Двойник Жанны де Арк - Андреева Юлия Игоревна. Страница 30
Кто такой Генрих Шестой? Давайте вспомним. Наш король Карл Шестой был побежден Генрихом Пятым Английским и отрекся от престола в пользу своего победителя, лишив таким образом престола своего законного наследника французского дофина Карла, ставшего впоследствии Карлом Седьмым.
В 1422 году умер Генрих Пятый, и вскоре за ним сошел в могилу его излюбленный враг – старый Карл Шестой, прозванный Безумным. После него престол должен перейти к малолетнему Генриху Шестому, регентом при котором назначен Бертфордский герцог. Таким образом, над Францией плотно устанавливается власть английских королей. Это ясно?
Все кивнули.
– Жанна короновала Карла Седьмого, потерявшего свои права сына Карла Шестого. Короновала, сообщив ему волю Бога и подтвердив, теперь я это могу вам открыть, то, что дофин Карл действительно является законным сыном короля. Сам он не смел и думать о короне, полагая, что не имеет законного права на это.

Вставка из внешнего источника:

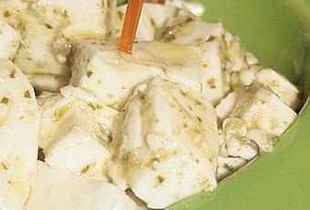 Couper les boules de mozzarella en cubes, mélanger avec le pesto et l'huile d'olive et réserver au frais... jusqu'au moment de servir....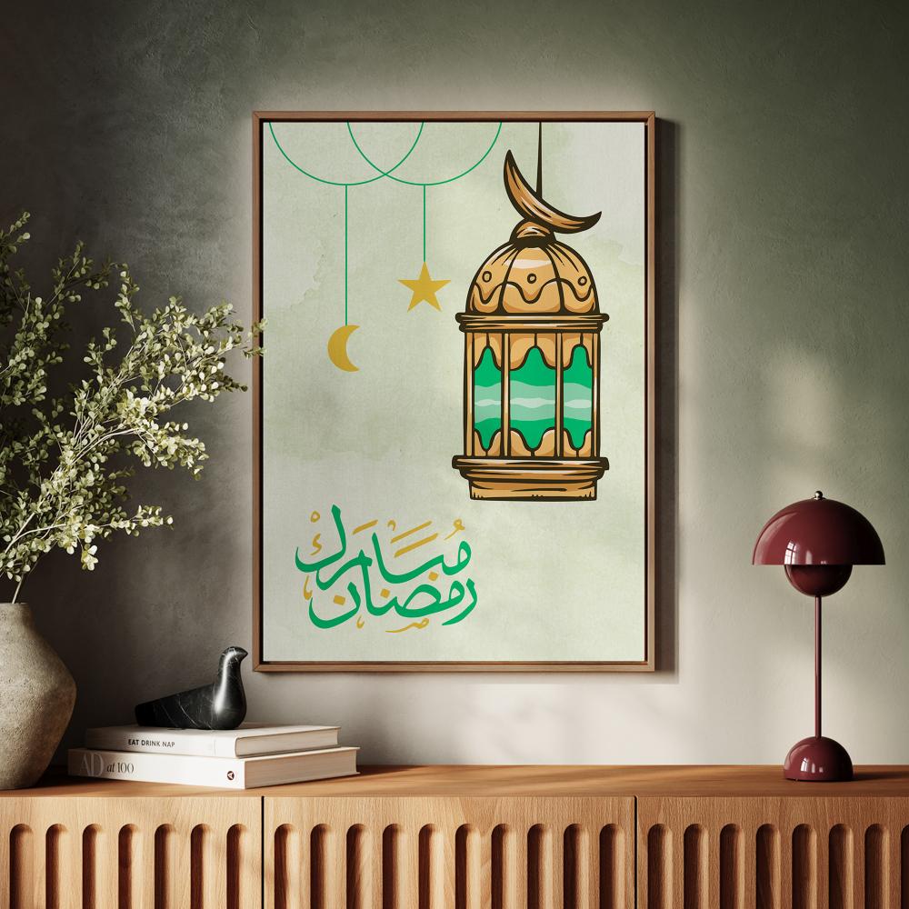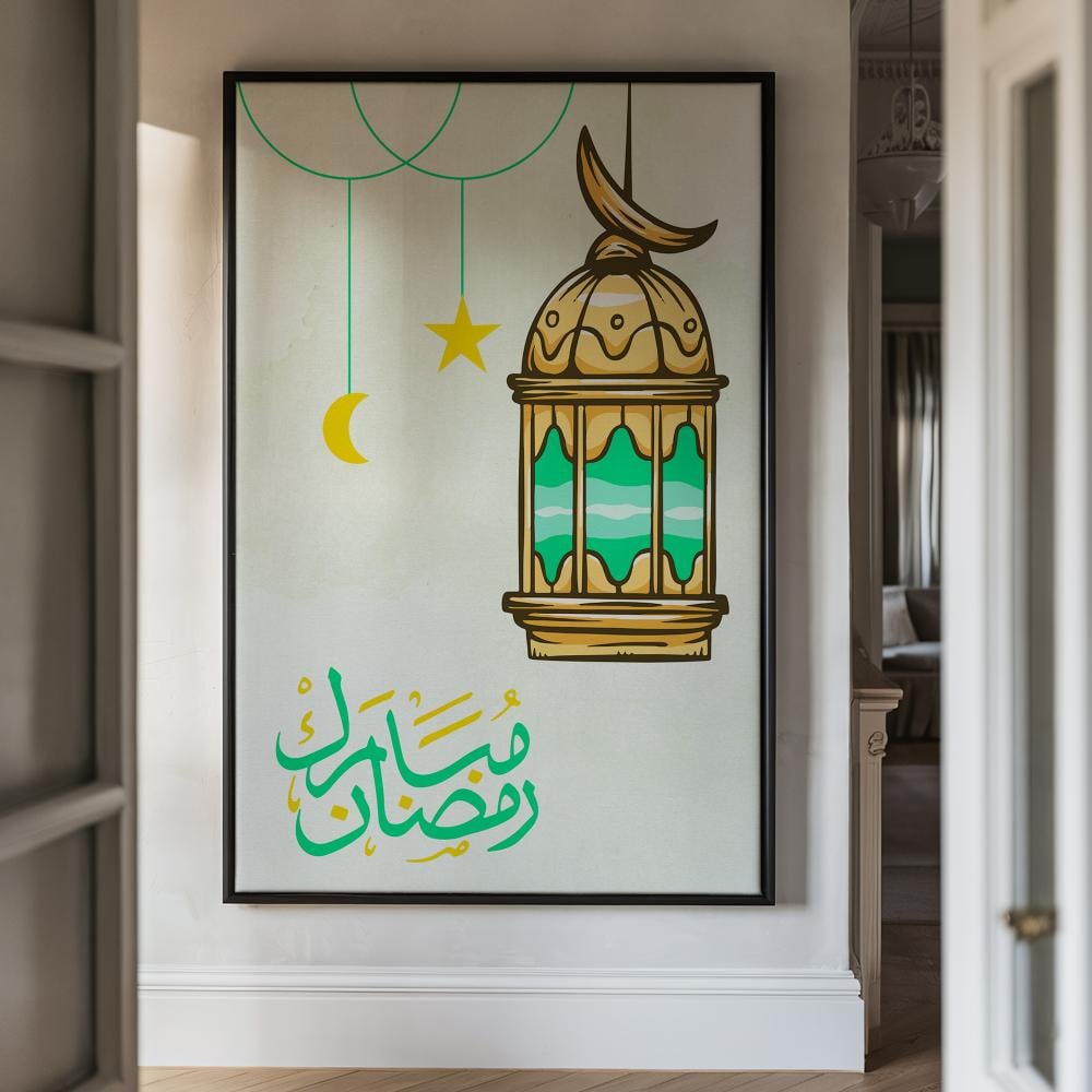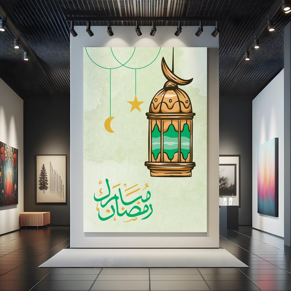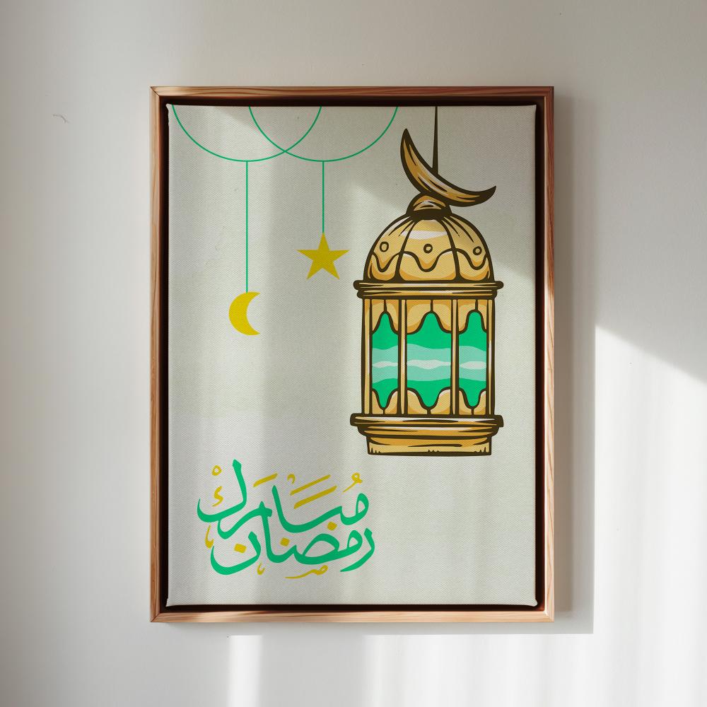 لوحة كانفاس على إطار خشبي بتصميم رضمان مبارك مع فانوس رمضان

Услышав такую пикантную подробность, слушатели начали улыбаться и посмеиваться.
– Сами знаете, королева Франции настоящая шлюха! – теперь слова Жака были встречены раскатом хохота. – Шлюха и кровавая убийца! – закончил характеристику королевы Жак. – Что будет, если церковный суд признает Жанну ведьмой? Карл потеряет корону, мы получим себе на головы в качестве руководителей станы англичан. Англичане будут собирать налоги, возглавлять армии. Пошлют ли английские генералы наши войска против других англичан – ни-ког-да! Посему я намерен отправиться в Руан и попытаться убить Жанну до начала процесса.
Все замерли, не в силах поверить своим ушам. Кто-то схватился за оружие. Жак оставался невозмутимым и спокойным.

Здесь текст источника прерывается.